Monday, March 9, 2015

"God's Problem, Why We Suffer," by Bart D. Ehrman

Forty or so authors wrote the articles that comprise the 66 ancient books of the Bible. This morally avaricious collection of plagiarized material was collated in 325AD at the First Council of Nicaea

To the detriment of humankind, this malevolent book is considered 'holy' by over 2.5 billion misguided souls.


If you study pre-Christian literature, you would come to know there is nothing 'holy' about this duplicitous manuscript.


Here are some excerpts from the book, "God's Problem - How the Bible Fails to Answer Our Most Important Question - Why We Suffer."


For the simpletons that suggest, "it's not for us to know how God works," that's nothing more than a cop-out. As a living, breathing, thinking being on this planet, the question of "Why We Suffer" is a legitimate one considering what's purported to be one of the strongest characteristics of the deity depicted in the Bible. If you're going to mention "Love" and "God" in the same sentence, then this question is a legitimate one.

"If God sometimes intervenes in history to counteract the free will decisions of others - for example, when he destroyed the Egyptian armies at the exodus, or when he fed the multitudes in the wilderness in the days of Jesus, or when he counteracted the wicked decisions of the Roman governor Pilate to destroy Jesus by raising the crucified Jesus from the dead - if God intervenes sometimes to counteract free will, why does he not do so more of the time?"
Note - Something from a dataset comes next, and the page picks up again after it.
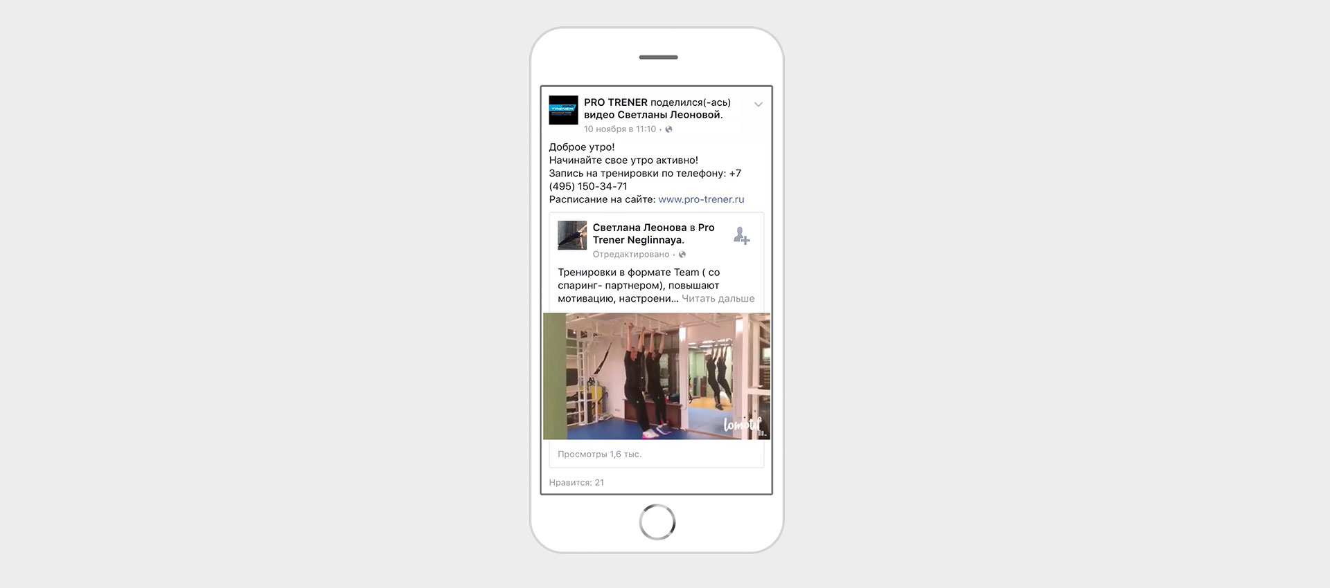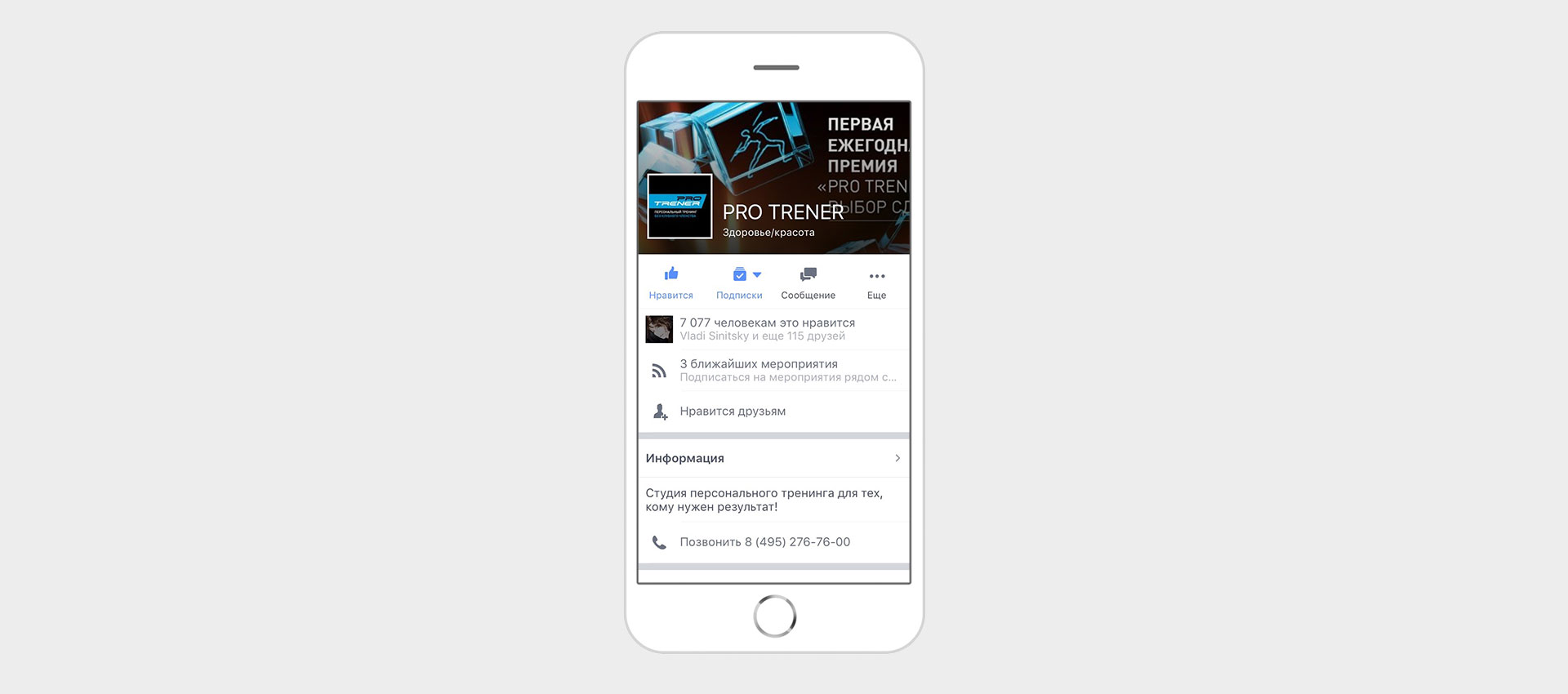 Promotion in social networks of PRO TRENER personal training studios

The God of the Christian Bible remained eerily silent during the Holocaust, the Middle Passage (the Slave Trade and American Slavery), and Hiroshima - three of the darkest epochs in human history.
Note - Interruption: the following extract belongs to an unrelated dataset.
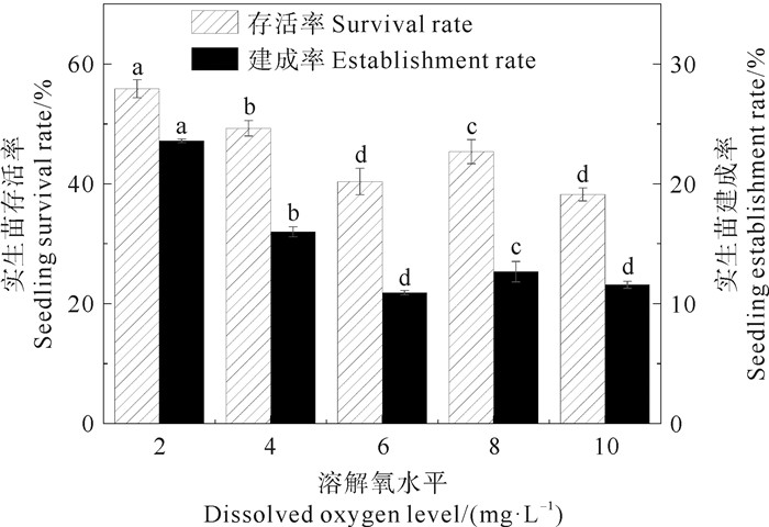 溶解氧水平对实生苗的存活率和建成率有显著影响(P < 0.05)。随溶解氧水平降低,实生苗的存活率和建成率总体呈上升趋势。经过50 d培育,2 mg·L-1处理组的存活率和建成率均最高,分别为对照组的1.2和1.9倍;而10 mg·L-1处理组的存活率最低,仅为对照组的84.2%(见图 3)。

"Many people in our world take a smorgasbord approach to the Bible, picking and choosing what suits them and their views without acknowledging that the Bible is an extremely complex and intricate concatenation of views, perspectives, and ideas."

"There are millions of people in our world, for example, who suffer social estrangement because of their sexual orientation. Some of this social alienation originates among simpleminded Bible believers who insist that gay relationships are condemned in scripture."

"As it turns out, that is a debated issue, one on which serious scholars disagree. But apart from that, this condemnation of gay relations "because the Bible condemns it" is a a case of people choosing to accept the parts of the Bible they want to accept and ignoring everything else. The same books that condemn same-sex relations, for example, also require people to stone their children to death is they are disobedient, to execute anyone who does any work on Saturday or who eats pork chops, and to condemn anyone who wears a shirt made of two kinds of fabric. No special emphasis is placed on one of these laws over the others - they are all part of the biblical law. Yet in some parts of society, gay relations are condemned, while eating a ham sandwich during a lunch breaks on a Saturday workday is perfectly acceptable."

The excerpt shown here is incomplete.